* _TASK DIRECTIONS_: Lines to restate from the data below: from the one containing "2024年1月13日,第五屆" to the one containing "OLYMPUS DIGITAL CAMERALlegamos", both included. Give them again exactly, and only them.

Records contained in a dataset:
· · ·

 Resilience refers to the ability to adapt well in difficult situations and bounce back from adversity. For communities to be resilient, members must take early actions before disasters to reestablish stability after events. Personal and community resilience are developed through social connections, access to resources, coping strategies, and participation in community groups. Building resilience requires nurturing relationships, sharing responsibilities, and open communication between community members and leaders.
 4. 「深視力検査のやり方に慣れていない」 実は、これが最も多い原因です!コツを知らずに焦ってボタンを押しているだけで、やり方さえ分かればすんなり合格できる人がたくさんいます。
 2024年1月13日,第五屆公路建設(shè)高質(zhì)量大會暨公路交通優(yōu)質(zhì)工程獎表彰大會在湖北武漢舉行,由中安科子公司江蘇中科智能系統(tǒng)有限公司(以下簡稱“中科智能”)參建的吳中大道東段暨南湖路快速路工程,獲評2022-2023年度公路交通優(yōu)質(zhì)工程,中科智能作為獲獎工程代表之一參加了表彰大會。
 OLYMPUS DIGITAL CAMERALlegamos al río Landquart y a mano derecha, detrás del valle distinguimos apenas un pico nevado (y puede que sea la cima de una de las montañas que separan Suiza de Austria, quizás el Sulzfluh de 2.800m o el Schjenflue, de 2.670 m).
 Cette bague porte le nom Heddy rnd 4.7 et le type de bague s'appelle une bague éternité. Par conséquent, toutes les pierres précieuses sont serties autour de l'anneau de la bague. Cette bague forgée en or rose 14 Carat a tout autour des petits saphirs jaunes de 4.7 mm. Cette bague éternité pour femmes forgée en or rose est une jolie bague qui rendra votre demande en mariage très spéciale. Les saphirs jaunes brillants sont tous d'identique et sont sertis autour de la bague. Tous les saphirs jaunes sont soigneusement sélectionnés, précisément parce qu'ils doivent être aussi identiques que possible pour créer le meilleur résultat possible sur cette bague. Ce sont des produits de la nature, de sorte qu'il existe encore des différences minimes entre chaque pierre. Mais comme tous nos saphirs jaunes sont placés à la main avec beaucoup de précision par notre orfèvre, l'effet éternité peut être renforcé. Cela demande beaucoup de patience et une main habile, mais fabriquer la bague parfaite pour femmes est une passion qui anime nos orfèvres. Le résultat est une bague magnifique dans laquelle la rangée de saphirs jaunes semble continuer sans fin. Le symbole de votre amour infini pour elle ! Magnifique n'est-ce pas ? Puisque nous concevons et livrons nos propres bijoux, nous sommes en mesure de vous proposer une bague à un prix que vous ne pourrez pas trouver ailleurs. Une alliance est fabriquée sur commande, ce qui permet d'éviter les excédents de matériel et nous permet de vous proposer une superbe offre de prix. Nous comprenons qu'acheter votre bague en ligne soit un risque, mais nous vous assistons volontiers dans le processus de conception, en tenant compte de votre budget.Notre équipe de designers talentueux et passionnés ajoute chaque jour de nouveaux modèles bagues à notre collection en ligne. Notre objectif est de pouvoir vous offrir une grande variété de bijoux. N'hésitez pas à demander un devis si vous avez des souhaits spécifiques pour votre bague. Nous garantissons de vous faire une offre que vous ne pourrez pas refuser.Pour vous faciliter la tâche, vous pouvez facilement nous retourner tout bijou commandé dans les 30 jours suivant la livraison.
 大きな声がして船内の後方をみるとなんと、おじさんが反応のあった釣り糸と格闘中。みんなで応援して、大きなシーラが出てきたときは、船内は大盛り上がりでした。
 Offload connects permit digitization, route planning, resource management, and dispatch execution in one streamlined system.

· · ·

* _ANSWER BELOW_:
 2024年1月13日,第五屆公路建設(shè)高質(zhì)量大會暨公路交通優(yōu)質(zhì)工程獎表彰大會在湖北武漢舉行,由中安科子公司江蘇中科智能系統(tǒng)有限公司(以下簡稱“中科智能”)參建的吳中大道東段暨南湖路快速路工程,獲評2022-2023年度公路交通優(yōu)質(zhì)工程,中科智能作為獲獎工程代表之一參加了表彰大會。
 OLYMPUS DIGITAL CAMERALlegamos al río Landquart y a mano derecha, detrás del valle distinguimos apenas un pico nevado (y puede que sea la cima de una de las montañas que separan Suiza de Austria, quizás el Sulzfluh de 2.800m o el Schjenflue, de 2.670 m).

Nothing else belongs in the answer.